Water resource shortages in arid and semi-arid regions of the world directly affect human demand for water, food irrigation, and industrial production. As an arid and semi-arid region, Central Asia faces serious water problems and is listed as one of the seven high-risk areas for water disputes in the world (Hu et al., 2018). Therefore, solving the water shortage problem in Central Asia is of great significance for maintaining global stability and sustainable development (Yang et al., 2017; Yang et al., 2019). According to FAO data, from 1992 to 2016, the average annual volume of agricultural water use in the five Central Asian countries was 116 billion m³, and the average annual total of freshwater was 124 billion m³. Agricultural water in this area, therefore, accounts for 93% of the area’s total freshwater. Among the five Central Asian countries, the country with the highest ratio of agricultural water to total freshwater is Uzbekistan at 99%. Turkmenistan and Tajikistan follow with 96% and 94%, respectively.

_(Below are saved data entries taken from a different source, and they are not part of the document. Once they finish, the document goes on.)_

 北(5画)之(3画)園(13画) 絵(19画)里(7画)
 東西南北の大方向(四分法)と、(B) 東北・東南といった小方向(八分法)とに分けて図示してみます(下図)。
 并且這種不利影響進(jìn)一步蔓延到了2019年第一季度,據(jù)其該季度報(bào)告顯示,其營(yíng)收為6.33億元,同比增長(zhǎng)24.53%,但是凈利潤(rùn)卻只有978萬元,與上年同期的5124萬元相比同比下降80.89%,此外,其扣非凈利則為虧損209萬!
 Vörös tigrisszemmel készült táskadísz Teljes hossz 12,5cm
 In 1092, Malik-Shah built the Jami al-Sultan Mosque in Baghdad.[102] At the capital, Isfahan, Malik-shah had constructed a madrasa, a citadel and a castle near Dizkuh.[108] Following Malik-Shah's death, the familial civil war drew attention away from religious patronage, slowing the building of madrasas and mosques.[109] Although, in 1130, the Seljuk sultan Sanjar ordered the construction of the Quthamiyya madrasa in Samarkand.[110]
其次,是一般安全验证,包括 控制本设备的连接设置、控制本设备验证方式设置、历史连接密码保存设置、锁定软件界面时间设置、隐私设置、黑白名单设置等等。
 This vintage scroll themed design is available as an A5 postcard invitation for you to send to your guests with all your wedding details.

Below average are Kyrgyzstan and Kazakhstan, with 91% and 70%, respectively. Moreover, the changing trend of agricultural water use in Central Asian countries is the same as that of the freshwater supply. Therefore, changes in agricultural water use in Central Asia plays an important role in changes in freshwater supply, which means that it is important to study changes in virtual water over recent years for different crops in Central Asia to better formulate agricultural policies to alleviate water shortages. Notably, the population of Central Asia increased by nearly 20 million from 1992 to 2016, accompanied by a fast population growth rate. Among the five Central Asian countries, Uzbekistan had the fastest population growth rate at 47% (Figure 1). With development in the economy and improvements in living standards, the calorie supply per capita daily (CSCD) in Central Asia is gradually increasing. Therefore, Central Asian people need increased food support, which, in turn, means Central Asia needs increased water resources for food production.

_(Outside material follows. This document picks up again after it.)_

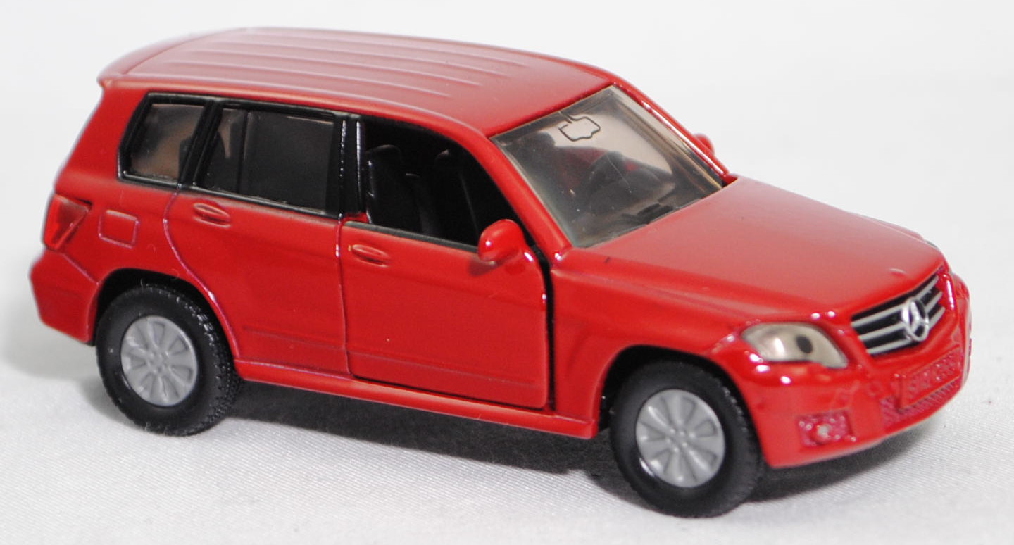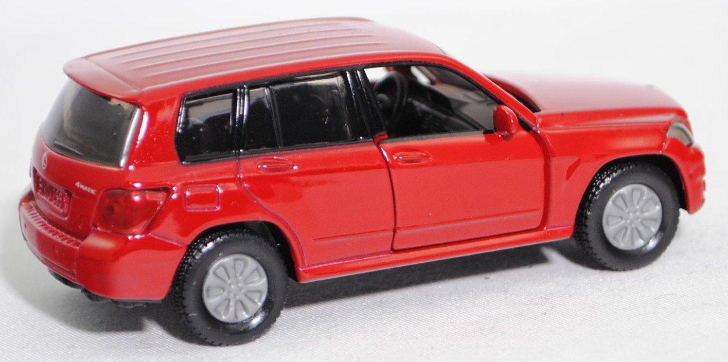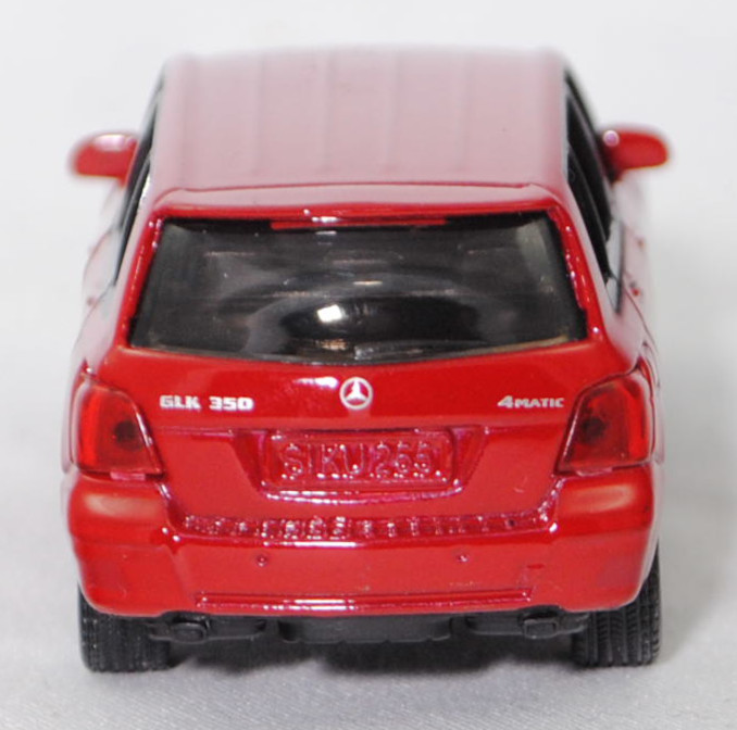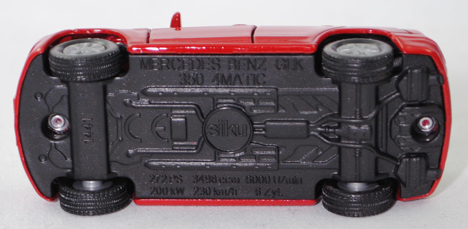 00002 Mercedes-Benz GLK 350 4MATIK (1. Generation, Baureihe GLK, interne Baureihenbezeichnung X 204, fünftüriger SUV (Sport Utility Vehicle) mit 5 Sitzplätzen, Konstruktionsbezeichnung X 204 E 35 4, Baumuster 204.987, Vertrieb in Deutschland bis 2011 und als Exportmodell bis 2012, Vor-MoPf (vor Modellpflege, Vorfacelift), Hauptscheinwerfer als Halogen-Scheinwerfer mit separaten Halogenlampen für Abblendlicht und Fernlicht, Kühlergrill mit drei Lamellen, Stoßfänger vorne mit rautenförmigen Einsatz außen und integrierten runden Nebelscheinwerfern sowie trapezförmigem Lüftungsgitter mittig wobei die längere Trapezseite an der Oberseite angeordnet ist, Stoßfängerunterseite mit integriertem Unterfahrschutz vorne glatt ohne Profilierung, Rückfahrscheinwerfer breit und mittig angeordnet, hohe Rückstrahler im hinteren Stoßfänger mit kurzem Übergang zur Seite kurz über den Auspuffendrohren angeordnet, Stoßfänger hinten mit gerade verlaufender Abschlusskante unten, Auspuffendrohren unterhalb des Stoßfängers angeordnet, Ausstattungslinie Grundmodell: Klarglas-Halogenscheinwerfer mit Projektionstechnik + Nebelscheinwerfer und Nebelschlussleuchte mit Klarglasabdeckung + Lufteinlass mit silbernen Lamellen + Außenspiegel links und rechts beheizt, von innen elektrisch einstellbar + Blinkleuchten in den Außenspiegeln + Türgriffe in Wagenfarbe lackiert + Kombiinstrument mit 3 analogen Rundinstrumenten und Display + Blinker mit Komfort-Tipp-Schaltung + Parameterlenkung + Sonnenblenden mit beleuchtetem Make-up-Spiegel + Handschuhkasten beleuchtet, klimatisier- und abschließbar + Ablagefach und Doppelcupholder in der Mittelkonsole + Armauflage vorne seitlich klappbar mit Ablagefach + Vordersitze mit elektrischer Höhen- und Lehnenverstellung, mechanischer Sitzkissenneigungsverstellung und Fahrersitz mit mechanischer Lordosenstütze + Polsterung Stoff Boston + Kartentaschen an Fahrer- und Beifahrerlehne + Einstiegsschienen vorne und hinten, vorne mit Schriftzug Mercedes-Benz + Seitenschweller schwarz genarbt + 3. Bremsleuchte in LED-Technik + Heckscheibenwischer mit automatischer Zuschaltung bei Rückwärtsfahrt + Leichtmetallräder im 7-Speichen-Design Größe 7,5 J x 17 ET 47,5 mit Reifen 235/60 R 17, 7G-Tronic (7-Gang-Automaikgetriebe), permanenter Allradantrieb 4MATIC, Motor: Mercedes-Benz Typ M 272 E 35 wassergekühlter Sechszylinder-V-Viertakt-Otto mit mirkoprozessorgesteuerter Einspritzung mit Heißfilm-Luftmassenmessung und zwei obenliegende Nockenwelle (DOHC = Double Overhead Camshaft) je Zylinderreihe sowie 4 Ventile pro Zylinder und 3498 cm³ sowie 272 PS, Baumuster Motor 272.971, Radstand 2755 mm, Länge 4528 mm, Modell 2008-2012), karminrot (vgl. feueropal beim Original, Farbcode 590 bzw. 3590), innen schwarzgrau, Sitze schwarzgrau, Lenkrad schwarzgrau, Lamellen und Mercedes-Benz-Stern im Kühlergrill silber, Druck Mercedes-Benz-Stern und GLK 350 / 4MATIC in silber auf der Heckklappe, Bpr. 1441 unter der Vorderachse und CE-Zeichen mittig hinter der Vorderachse sowie siku-Logo mittig auf dem Chassis, B45 silbergrau (Mercedes-Benz Leichtmetallräder im 7-Speichen-Design (Code R44) Größe 7,5 J x 17 ET 47,5 mit Lochkreis 5 x 112 (Teilenummer A 204 401 59 02, Farbcode silber) und Nabendeckel / Radzierdeckel (Teilenummer A 171 400 00 25, Farbcode silber mit Rand in royalblau (Farbcode 5337) sowie Stern in der Mitte und Lorbeerkranz außen) sowie Reifen 235/60 R 17 102V), SIKU SUPER, ca. 1:55, m (Vitrinenmodell) (EAN 4006874014415)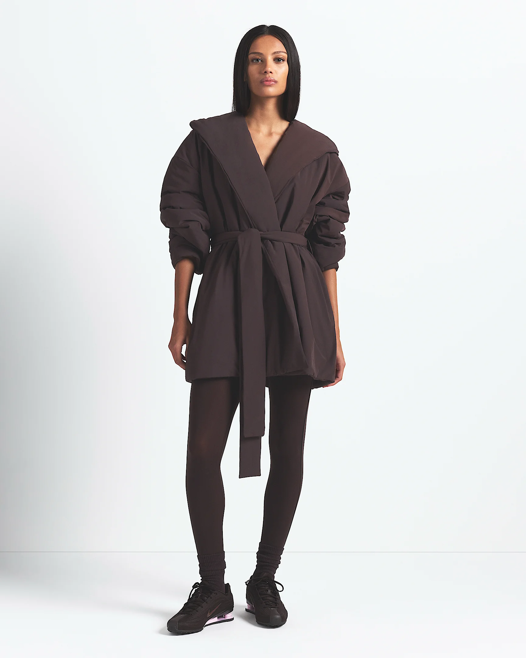 Head to your workout—or just a casual hang with friends—in warmth and style. Perfect for chilly days, this belted wrap coat uses lightweight synthetic fill to help you stay toasty. Plus, the shawl collar extends into a hood to help keep you extra cozy when the wind picks up. Benefits - Our Woven Nylon fabric is lightweight and smooth with a touch of stretch. - Synthetic fill helps keep you insulated and warm. - Belt loops at the sides help hold the belt in place. - Zippered side pockets provide secure storage. Product Details - Matte silicone logo at center back neck - Shell: 85% nylon/15% spandex. Fill: 100% polyester. - Machine wash - Imported - Shown: NSKM PHOENIX - Style: LSLSL10423W-PHO SIZE & FIT Model is wearing size XS and is 5'9"175cm Oversized fit: exaggerated and spacious

Therefore, studying the changes in agricultural water use in Central Asia has become very important for the sustainable development of the region.

However, there are many kinds of agricultural production, which makes it difficult to compare water use changes in a country with a small amount of water use data (Karimov et al., 2014). Virtual water is a useful tool for studying the changes in water use linked to various types of agricultural production. The concept of virtual water was put forward by Allan, and it refers to the amount of water resources needed to produce products and services; this endows the concept with profound ecological and economic importance (Allan, 1992). Virtual water strategy refers to the purchase of water-intensive agricultural products, mainly grains, by countries and regions with poor water resources from those with rich water resources through trade, so as to guarantee the water resources and food security of their own countries and regions (Chittaranjan, 2018).

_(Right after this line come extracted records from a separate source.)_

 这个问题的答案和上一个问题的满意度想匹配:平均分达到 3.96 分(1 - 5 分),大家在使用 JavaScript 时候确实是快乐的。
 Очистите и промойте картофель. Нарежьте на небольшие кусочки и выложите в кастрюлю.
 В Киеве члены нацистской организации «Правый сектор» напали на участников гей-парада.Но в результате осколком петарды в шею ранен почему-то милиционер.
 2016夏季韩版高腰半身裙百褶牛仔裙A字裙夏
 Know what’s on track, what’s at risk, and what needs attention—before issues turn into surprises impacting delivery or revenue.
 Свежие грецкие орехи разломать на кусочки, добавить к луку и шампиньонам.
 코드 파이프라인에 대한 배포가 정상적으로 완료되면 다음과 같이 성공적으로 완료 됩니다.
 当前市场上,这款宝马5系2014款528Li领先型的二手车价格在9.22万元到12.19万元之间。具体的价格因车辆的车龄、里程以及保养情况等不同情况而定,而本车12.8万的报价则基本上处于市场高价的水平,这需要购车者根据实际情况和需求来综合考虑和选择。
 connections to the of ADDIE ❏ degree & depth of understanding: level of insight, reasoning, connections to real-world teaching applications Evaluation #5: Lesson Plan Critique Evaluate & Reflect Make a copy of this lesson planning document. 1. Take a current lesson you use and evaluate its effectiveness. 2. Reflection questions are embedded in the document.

Recent studies have focused on water issues in Central Asia from several perspectives;. First, these have included cross-border water conflicts. For example, Deng et al. (2010) introduced the cross-border water resources utilization problem in Central Asia. Yao et al. (2014) summarized cross-border water problems in Central Asia from the point of view of water mismanagement. Second, there are analyses related to the factor that influence the water use and basin water environments. For example, Abdullaev et al. (2015) described the analyses of historical transformation of water management in Central Asia. Third, there are also some studies related to agricultural water use in Central Asia. For example, Geerken et al. (2007)studied the impact of water resources on irrigated agriculture in Central Asia. Fourth, some scholars have studied virtual water trade. For example, Ding et al. (2020) conducted a spatiotemporal assessment of Kazakhstan’s agricultural virtual water. Zhu et al. (2020) and Meng et al. (2019) examined virtual water trade for several major food crops in Central Asia. However, this research does not adequately address the mitigation of water resource shortages from the perspective of agriculture virtual water in Central Asia. Only a few researchers, such as Liu et al. (2014), have quantitatively analyzed agricultural virtual water in Central Asian countries.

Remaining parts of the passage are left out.